• [DIRECTIONS]
Below are the records; extract from them the line containing "Kierowca cysterny miał" to the line containing "В номере также", both lines included, exactly and with no pictures.

• [INPUT DATA]
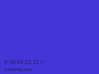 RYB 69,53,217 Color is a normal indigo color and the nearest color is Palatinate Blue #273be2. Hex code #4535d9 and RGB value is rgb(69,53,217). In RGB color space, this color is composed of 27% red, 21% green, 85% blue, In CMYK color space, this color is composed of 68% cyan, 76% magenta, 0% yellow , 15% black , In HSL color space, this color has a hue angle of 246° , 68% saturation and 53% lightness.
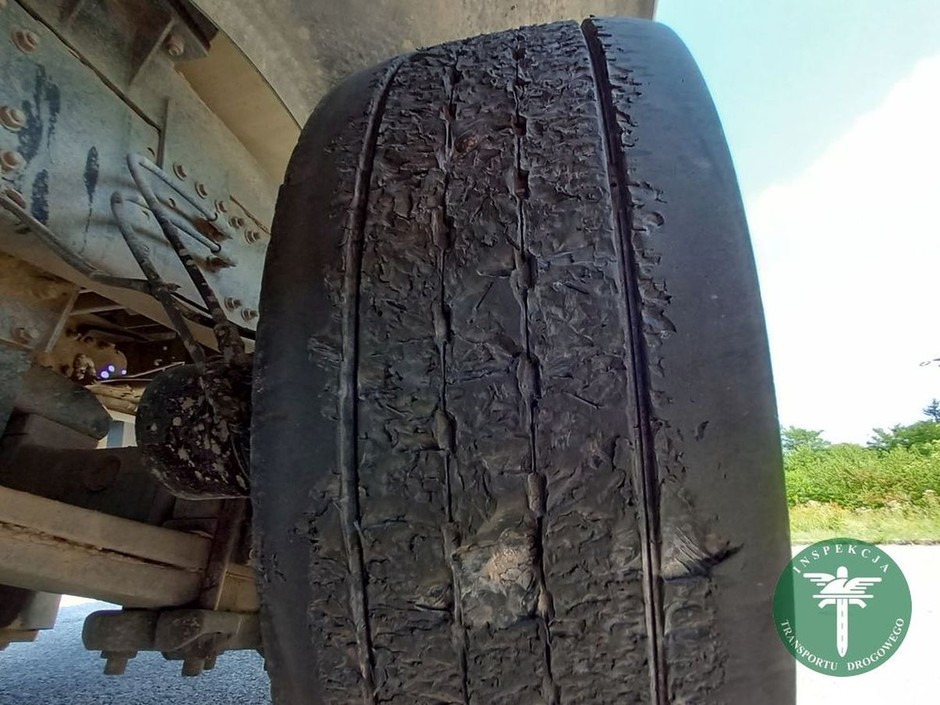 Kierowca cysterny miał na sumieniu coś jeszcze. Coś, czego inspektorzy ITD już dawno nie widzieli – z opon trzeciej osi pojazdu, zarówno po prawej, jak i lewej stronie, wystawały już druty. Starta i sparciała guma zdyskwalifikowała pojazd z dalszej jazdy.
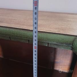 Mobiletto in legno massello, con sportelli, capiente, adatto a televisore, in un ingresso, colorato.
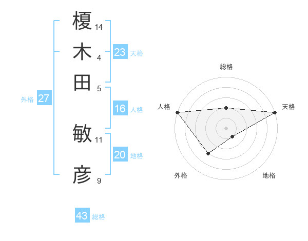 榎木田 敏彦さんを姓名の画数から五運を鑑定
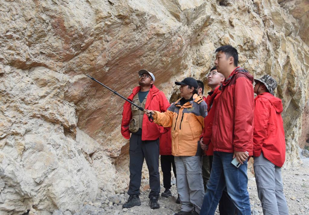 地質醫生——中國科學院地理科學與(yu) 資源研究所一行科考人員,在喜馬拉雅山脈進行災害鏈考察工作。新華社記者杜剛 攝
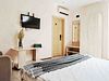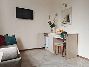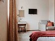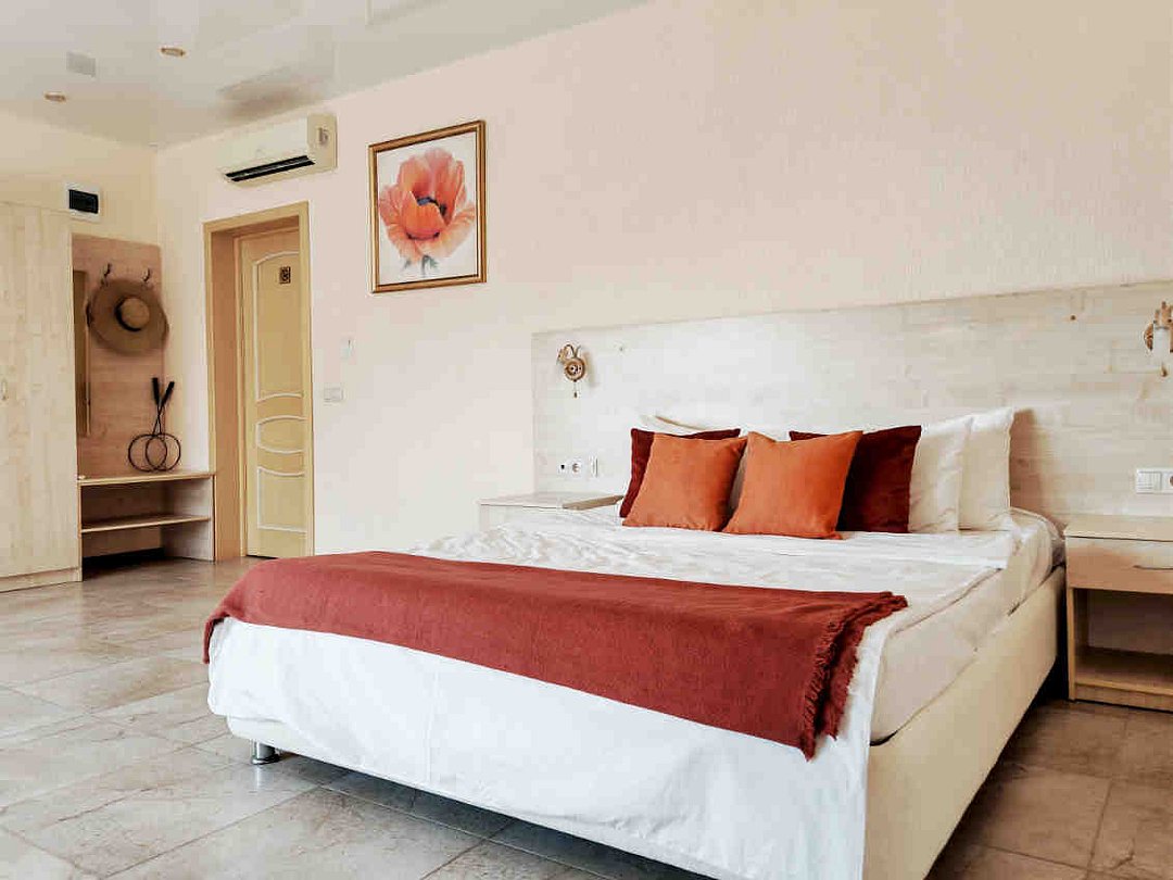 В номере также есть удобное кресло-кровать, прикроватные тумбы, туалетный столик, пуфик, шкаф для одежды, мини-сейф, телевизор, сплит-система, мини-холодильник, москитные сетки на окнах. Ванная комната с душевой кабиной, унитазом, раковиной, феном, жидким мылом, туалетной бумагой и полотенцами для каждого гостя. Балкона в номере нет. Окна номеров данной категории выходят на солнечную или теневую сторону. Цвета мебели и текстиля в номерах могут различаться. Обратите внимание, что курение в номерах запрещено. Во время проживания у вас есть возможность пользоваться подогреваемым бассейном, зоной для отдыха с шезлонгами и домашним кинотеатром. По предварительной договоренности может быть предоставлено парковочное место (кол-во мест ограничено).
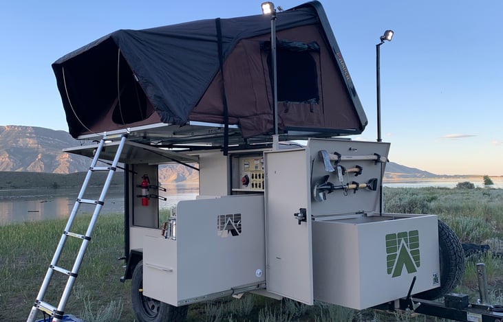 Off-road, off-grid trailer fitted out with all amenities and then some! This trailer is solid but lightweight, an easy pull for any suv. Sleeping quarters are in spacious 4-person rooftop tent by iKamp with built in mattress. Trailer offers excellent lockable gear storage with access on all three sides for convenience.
--
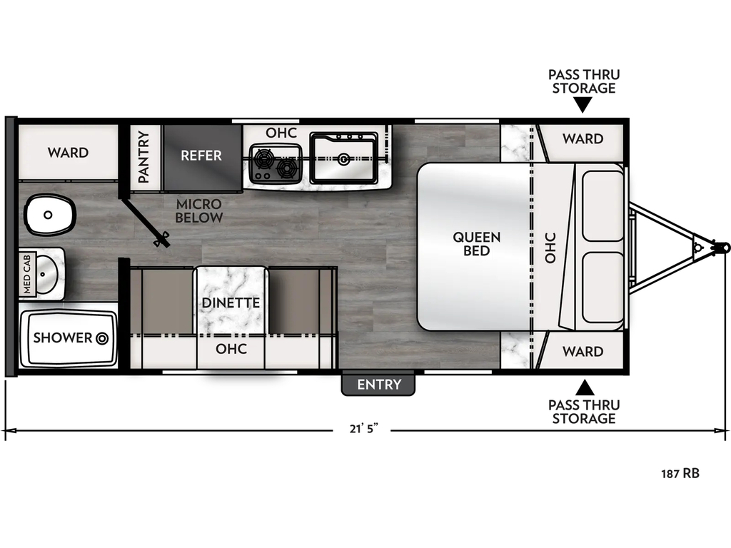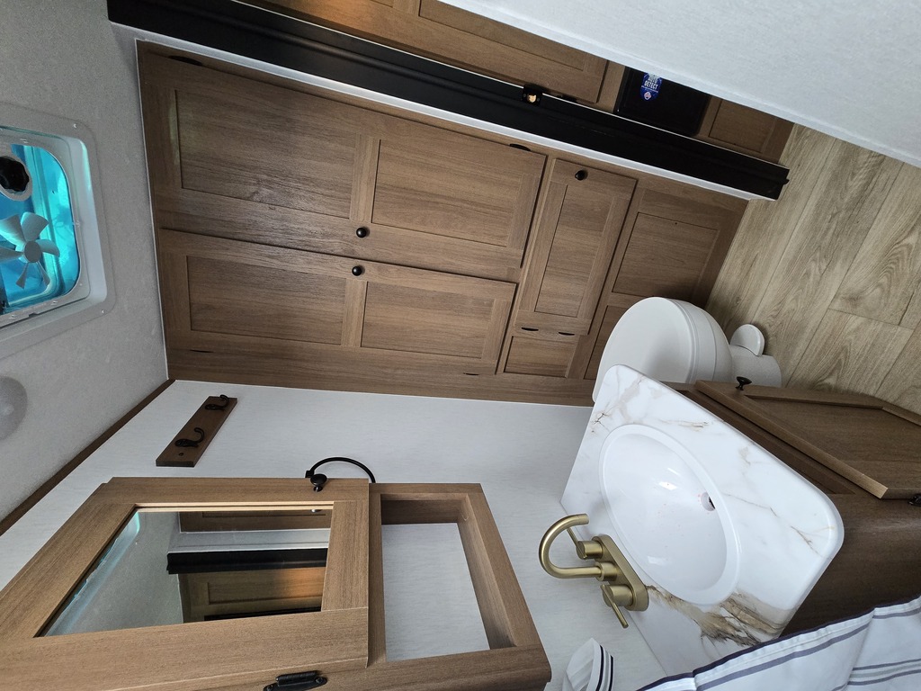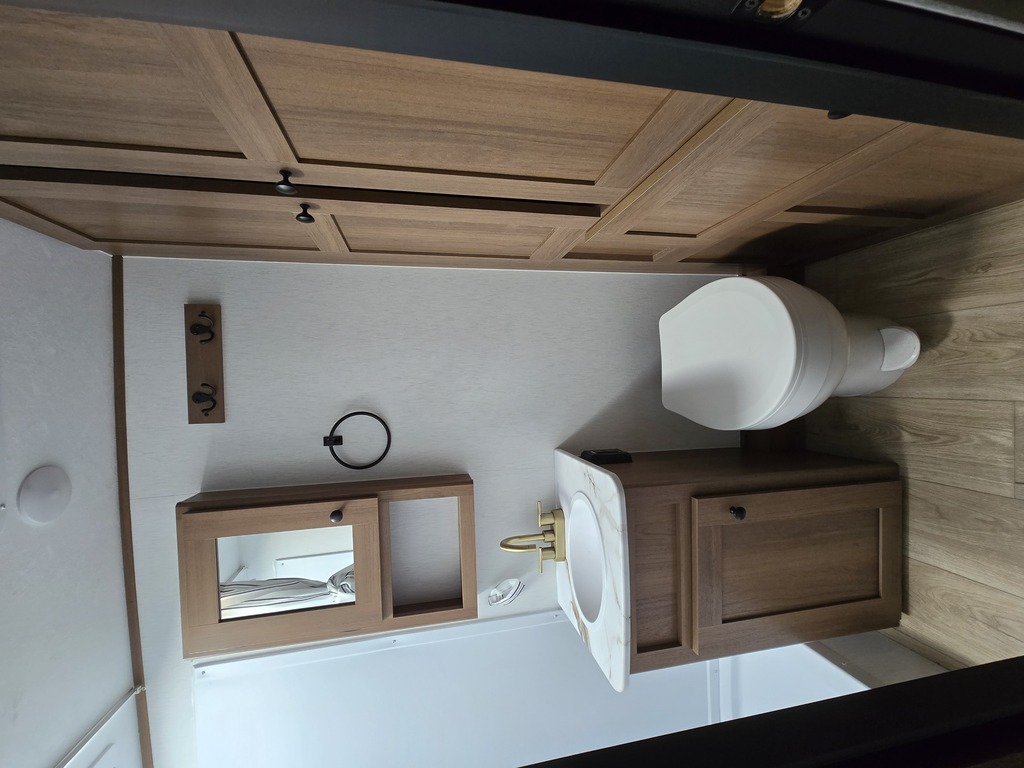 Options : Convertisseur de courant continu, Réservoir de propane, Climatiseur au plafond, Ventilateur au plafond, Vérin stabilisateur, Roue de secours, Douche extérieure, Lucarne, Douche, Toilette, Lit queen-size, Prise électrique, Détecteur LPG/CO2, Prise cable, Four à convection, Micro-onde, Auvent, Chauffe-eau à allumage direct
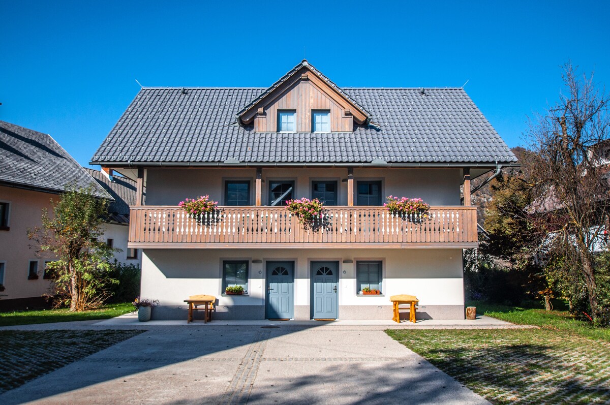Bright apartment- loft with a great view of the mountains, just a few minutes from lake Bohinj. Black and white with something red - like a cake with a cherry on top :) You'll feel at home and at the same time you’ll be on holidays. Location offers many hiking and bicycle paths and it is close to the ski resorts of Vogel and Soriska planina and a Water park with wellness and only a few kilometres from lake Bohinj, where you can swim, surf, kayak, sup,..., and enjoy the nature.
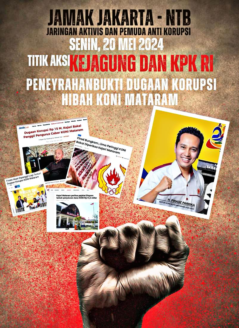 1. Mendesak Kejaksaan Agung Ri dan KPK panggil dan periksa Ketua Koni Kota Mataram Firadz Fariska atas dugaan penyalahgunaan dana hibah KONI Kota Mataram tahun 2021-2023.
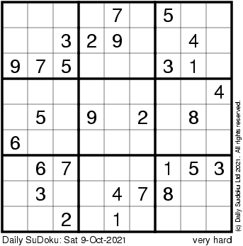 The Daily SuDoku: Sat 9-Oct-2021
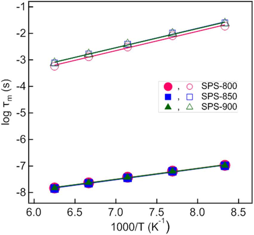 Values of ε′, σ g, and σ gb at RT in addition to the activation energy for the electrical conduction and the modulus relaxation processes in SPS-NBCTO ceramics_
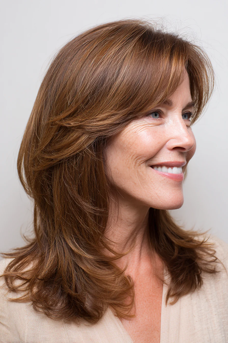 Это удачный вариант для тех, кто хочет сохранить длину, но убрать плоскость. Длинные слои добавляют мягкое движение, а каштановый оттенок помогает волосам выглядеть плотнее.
---
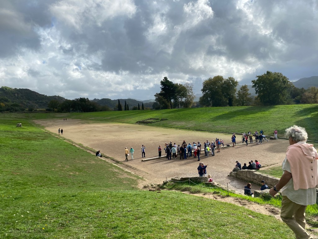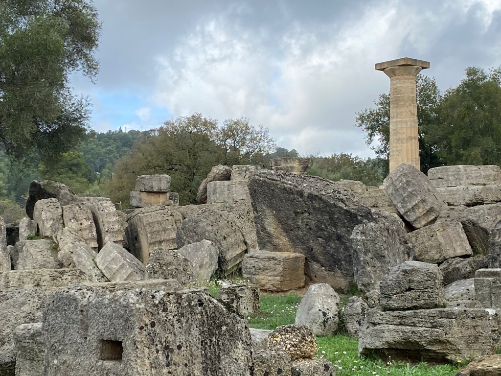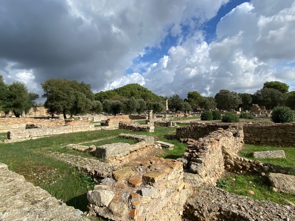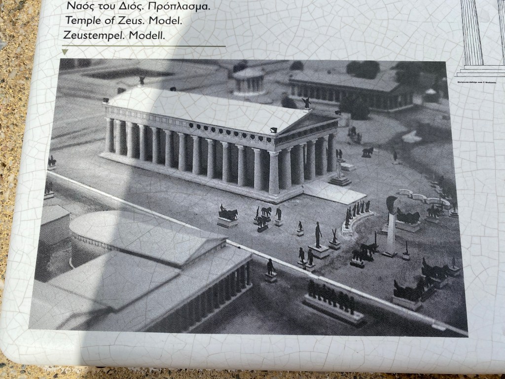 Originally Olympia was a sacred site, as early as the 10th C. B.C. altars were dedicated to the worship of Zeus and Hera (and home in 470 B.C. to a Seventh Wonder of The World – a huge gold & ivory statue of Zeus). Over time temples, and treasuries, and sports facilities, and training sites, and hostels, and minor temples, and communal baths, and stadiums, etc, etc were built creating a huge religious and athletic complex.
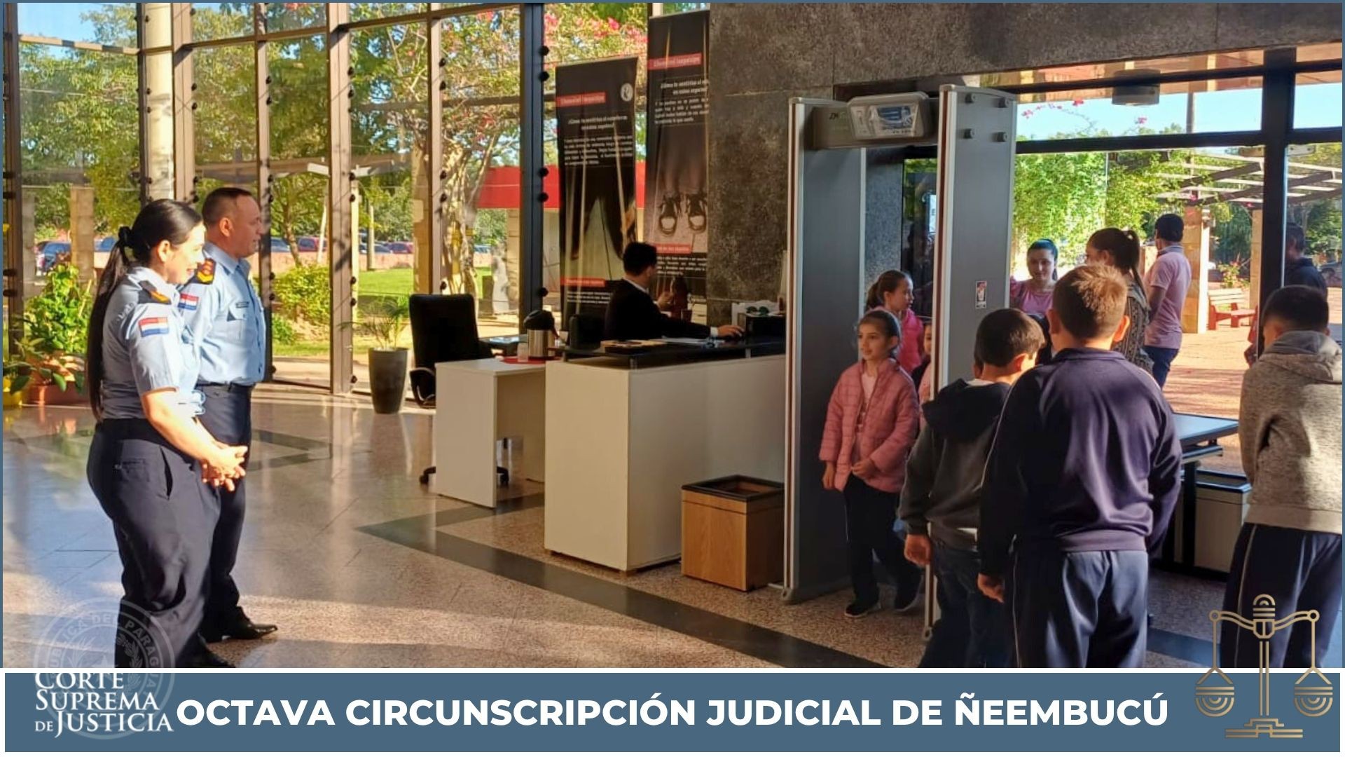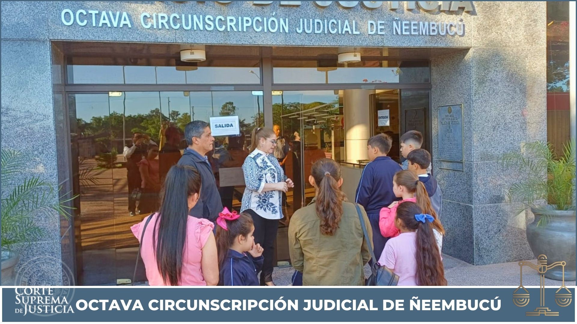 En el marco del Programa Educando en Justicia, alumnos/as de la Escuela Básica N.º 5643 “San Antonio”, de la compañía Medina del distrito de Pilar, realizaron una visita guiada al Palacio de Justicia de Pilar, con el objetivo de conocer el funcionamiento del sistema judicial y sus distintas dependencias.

• [SOLUTION FOR THIS TASK]
 Kierowca cysterny miał na sumieniu coś jeszcze. Coś, czego inspektorzy ITD już dawno nie widzieli – z opon trzeciej osi pojazdu, zarówno po prawej, jak i lewej stronie, wystawały już druty. Starta i sparciała guma zdyskwalifikowała pojazd z dalszej jazdy.
 Mobiletto in legno massello, con sportelli, capiente, adatto a televisore, in un ingresso, colorato.
 榎木田 敏彦さんを姓名の画数から五運を鑑定
 地質醫生——中國科學院地理科學與(yu) 資源研究所一行科考人員,在喜馬拉雅山脈進行災害鏈考察工作。新華社記者杜剛 攝
 В номере также есть удобное кресло-кровать, прикроватные тумбы, туалетный столик, пуфик, шкаф для одежды, мини-сейф, телевизор, сплит-система, мини-холодильник, москитные сетки на окнах. Ванная комната с душевой кабиной, унитазом, раковиной, феном, жидким мылом, туалетной бумагой и полотенцами для каждого гостя. Балкона в номере нет. Окна номеров данной категории выходят на солнечную или теневую сторону. Цвета мебели и текстиля в номерах могут различаться. Обратите внимание, что курение в номерах запрещено. Во время проживания у вас есть возможность пользоваться подогреваемым бассейном, зоной для отдыха с шезлонгами и домашним кинотеатром. По предварительной договоренности может быть предоставлено парковочное место (кол-во мест ограничено).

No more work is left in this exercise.